Assigned task:
In the material below, find the line containing "网络上有传言称孙涛力挺闫学晶" and the line containing "卡通手拎抱枕被子两用二合一学生宿舍办公室午睡折叠四季空调盖毯", then reproduce exactly both of them and every line between, and nothing else.

Data in this exercise:
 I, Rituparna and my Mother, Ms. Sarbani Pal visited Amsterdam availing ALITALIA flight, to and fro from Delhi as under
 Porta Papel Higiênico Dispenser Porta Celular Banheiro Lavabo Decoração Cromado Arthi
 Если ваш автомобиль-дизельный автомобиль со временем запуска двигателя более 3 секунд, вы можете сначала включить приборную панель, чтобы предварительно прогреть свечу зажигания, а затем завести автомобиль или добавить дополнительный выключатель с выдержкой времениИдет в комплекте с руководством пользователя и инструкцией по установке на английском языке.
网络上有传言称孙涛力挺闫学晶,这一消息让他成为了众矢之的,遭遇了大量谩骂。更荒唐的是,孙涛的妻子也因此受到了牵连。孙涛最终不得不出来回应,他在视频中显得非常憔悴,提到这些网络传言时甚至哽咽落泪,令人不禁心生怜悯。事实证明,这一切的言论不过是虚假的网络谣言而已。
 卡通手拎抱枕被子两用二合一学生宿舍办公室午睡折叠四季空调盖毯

* * *

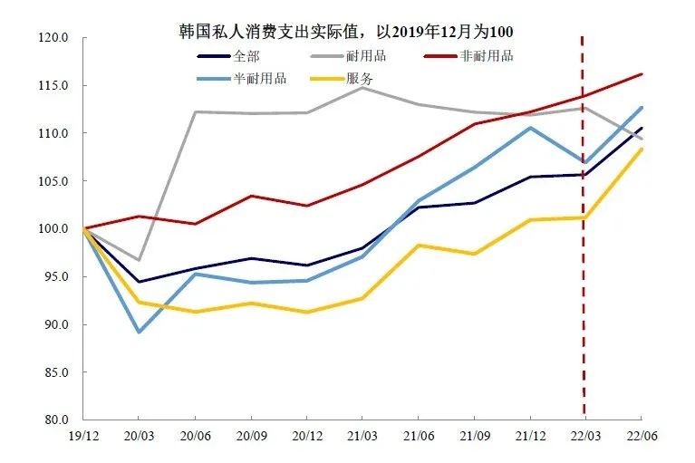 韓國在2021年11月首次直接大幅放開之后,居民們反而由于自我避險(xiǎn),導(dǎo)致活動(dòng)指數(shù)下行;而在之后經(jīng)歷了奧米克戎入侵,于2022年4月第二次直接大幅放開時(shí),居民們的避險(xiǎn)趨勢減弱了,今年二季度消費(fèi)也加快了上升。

Result of the exercise:
网络上有传言称孙涛力挺闫学晶,这一消息让他成为了众矢之的,遭遇了大量谩骂。更荒唐的是,孙涛的妻子也因此受到了牵连。孙涛最终不得不出来回应,他在视频中显得非常憔悴,提到这些网络传言时甚至哽咽落泪,令人不禁心生怜悯。事实证明,这一切的言论不过是虚假的网络谣言而已。
 卡通手拎抱枕被子两用二合一学生宿舍办公室午睡折叠四季空调盖毯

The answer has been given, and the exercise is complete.